### Data records
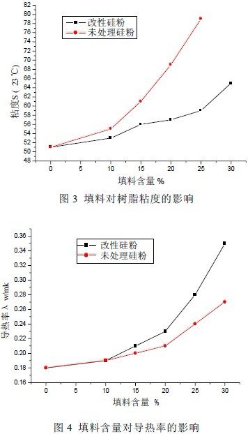 图3 中数据采用7122-5 树脂。 由图中可以看出,由于填料出现团聚现象,未经处理的填料对粘度影响较大。固液悬浮体的粘度与颗粒表面和液体润湿亲和作用有关,一般温度条件下,若固液间亲和作用强,则粘度低;若亲和作用弱,则粘度高。表面改性的方式有:偶联剂的表面处理和填料表面共聚接枝等。与华中科技大学已经开展了纳米填料改性以及分散工艺的合作。目前我们采用较易实现的硅烷偶联剂的表面改性方式。因为硅烷偶联剂是一种具有特殊结构的有机硅化合物。在它的分子中,同时具有能与无机材料结合的反应性基团和与有机材料 ( 如合成树脂等 )结合的反应性基团。所以经过表面改性后的填料亲油性较强,加入树脂中,树脂粘度变化很缓慢。在填充量为30%时,粘度为65 s,仍能满足使用工艺要求。关于填料表面共聚接枝的改性方法、填料分散工艺,以及如何降低更大添加量下的粘度有待进一步研究。填料的添加量与填料表面的改性有很大关系,能否在更大的添加量下不改变树脂的粘度有待进一步的研究[7]。由图4 中可以看出,经过表面改性的填料含量从20%开始,导热率有显著提高,这说明在填料含量为20%时,已经形成了导热网络结构,热流可以快速传播,当填料含量为30%时,导热率可达到0.35 W/(m·K)。由于未经处理的填料在树脂中不能均匀分散,有的颗粒可能被树脂包覆,不能形成互穿网络结构,所以导热率变化不明显。填料的添加量与填料表面的改性有很大关系,能否在更大的添加量下不改变树脂的粘度有待进一步的研究。
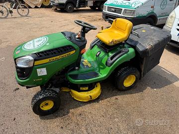 Vendo trattorino John Deere X115R con sistema di raccolta e mulching in ottime condizioni: - trasmissione nuova - lame nuove - cinghie nuove - gomme nuove Prezzo € 1.800,00 trattabili.
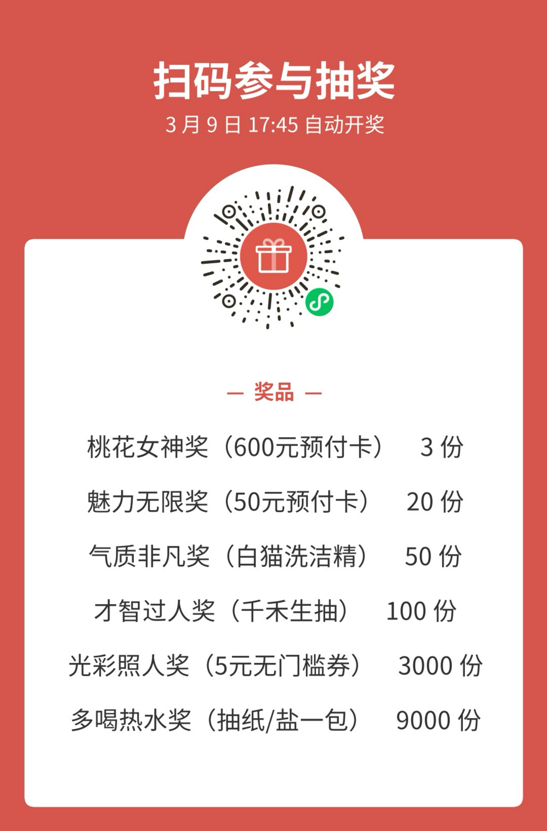 设置按参与人数解锁奖品,活动方能根据参与情况,控制奖品成本。
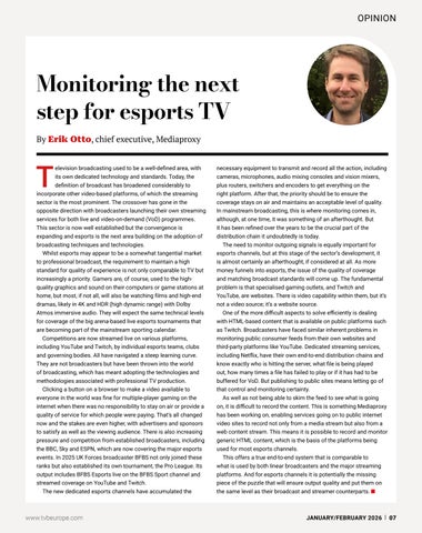 Monitoring the next step for esports TV By Erik Otto, chief executive, Mediaproxy
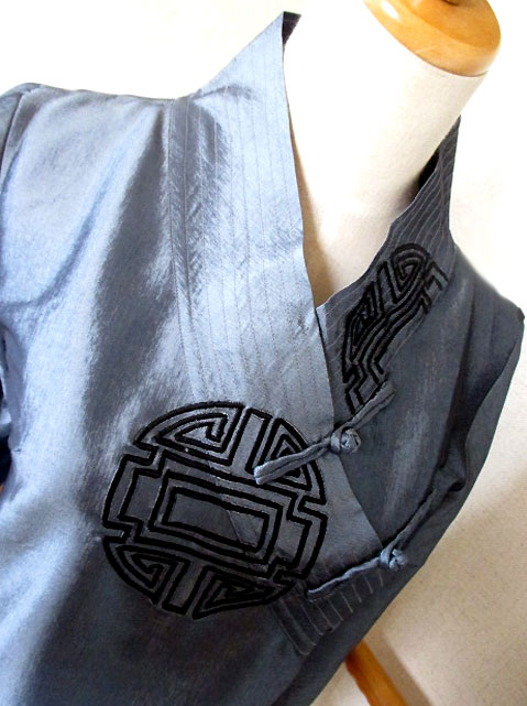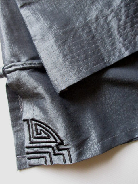そしてこのステッチの上に刺繍を重ねたところもポイントで、シンプルな中華文様ながら動きがあるデザインとなっています。
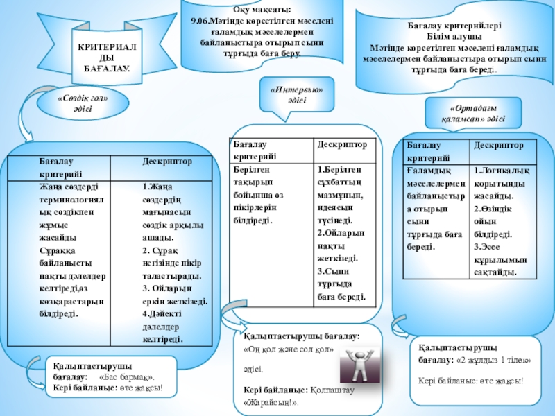 Дескрипторларды критерийлерге сай қою туралы,саралау тапсырмаларын әр сабақта беріліп отыру туралы мәлімет берілді.
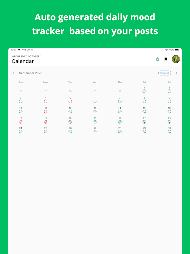 - AI-based mood calendar: Just post whatever comes to mind, and after each day a mood indicator will automatically be created for you based on the sentiment of your posts. You can then track your daily mood trends on the calendar, providing you with a comprehensive view of your mood patterns throughout the month.
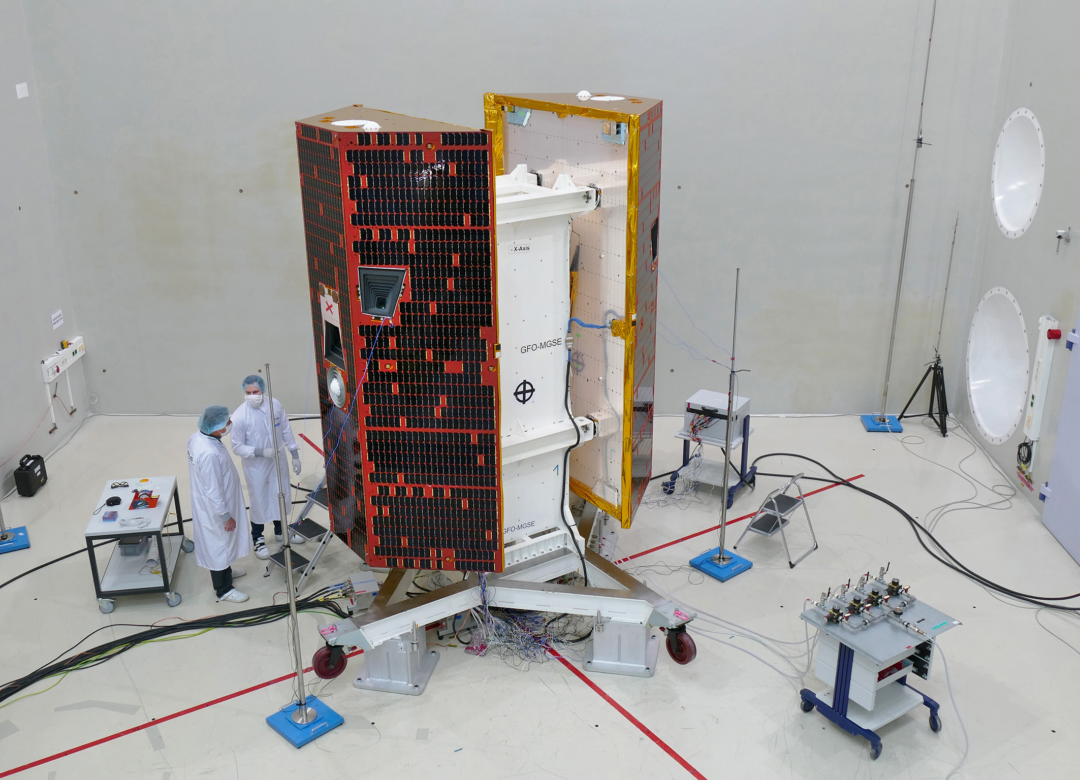 Preparations for the acoustic noise test for the two GRACE-FO satellites, which Airbus constructed for NASA/JPL. Photo: Airbus DS GmbH / Mathias Pikelj

### What to produce
With the pictures omitted, give every line above again exactly.

### Written answer
 图3 中数据采用7122-5 树脂。 由图中可以看出,由于填料出现团聚现象,未经处理的填料对粘度影响较大。固液悬浮体的粘度与颗粒表面和液体润湿亲和作用有关,一般温度条件下,若固液间亲和作用强,则粘度低;若亲和作用弱,则粘度高。表面改性的方式有:偶联剂的表面处理和填料表面共聚接枝等。与华中科技大学已经开展了纳米填料改性以及分散工艺的合作。目前我们采用较易实现的硅烷偶联剂的表面改性方式。因为硅烷偶联剂是一种具有特殊结构的有机硅化合物。在它的分子中,同时具有能与无机材料结合的反应性基团和与有机材料 ( 如合成树脂等 )结合的反应性基团。所以经过表面改性后的填料亲油性较强,加入树脂中,树脂粘度变化很缓慢。在填充量为30%时,粘度为65 s,仍能满足使用工艺要求。关于填料表面共聚接枝的改性方法、填料分散工艺,以及如何降低更大添加量下的粘度有待进一步研究。填料的添加量与填料表面的改性有很大关系,能否在更大的添加量下不改变树脂的粘度有待进一步的研究[7]。由图4 中可以看出,经过表面改性的填料含量从20%开始,导热率有显著提高,这说明在填料含量为20%时,已经形成了导热网络结构,热流可以快速传播,当填料含量为30%时,导热率可达到0.35 W/(m·K)。由于未经处理的填料在树脂中不能均匀分散,有的颗粒可能被树脂包覆,不能形成互穿网络结构,所以导热率变化不明显。填料的添加量与填料表面的改性有很大关系,能否在更大的添加量下不改变树脂的粘度有待进一步的研究。
 Vendo trattorino John Deere X115R con sistema di raccolta e mulching in ottime condizioni: - trasmissione nuova - lame nuove - cinghie nuove - gomme nuove Prezzo € 1.800,00 trattabili.
 设置按参与人数解锁奖品,活动方能根据参与情况,控制奖品成本。
 Monitoring the next step for esports TV By Erik Otto, chief executive, Mediaproxy
そしてこのステッチの上に刺繍を重ねたところもポイントで、シンプルな中華文様ながら動きがあるデザインとなっています。
 Дескрипторларды критерийлерге сай қою туралы,саралау тапсырмаларын әр сабақта беріліп отыру туралы мәлімет берілді.
 - AI-based mood calendar: Just post whatever comes to mind, and after each day a mood indicator will automatically be created for you based on the sentiment of your posts. You can then track your daily mood trends on the calendar, providing you with a comprehensive view of your mood patterns throughout the month.
 Preparations for the acoustic noise test for the two GRACE-FO satellites, which Airbus constructed for NASA/JPL. Photo: Airbus DS GmbH / Mathias Pikelj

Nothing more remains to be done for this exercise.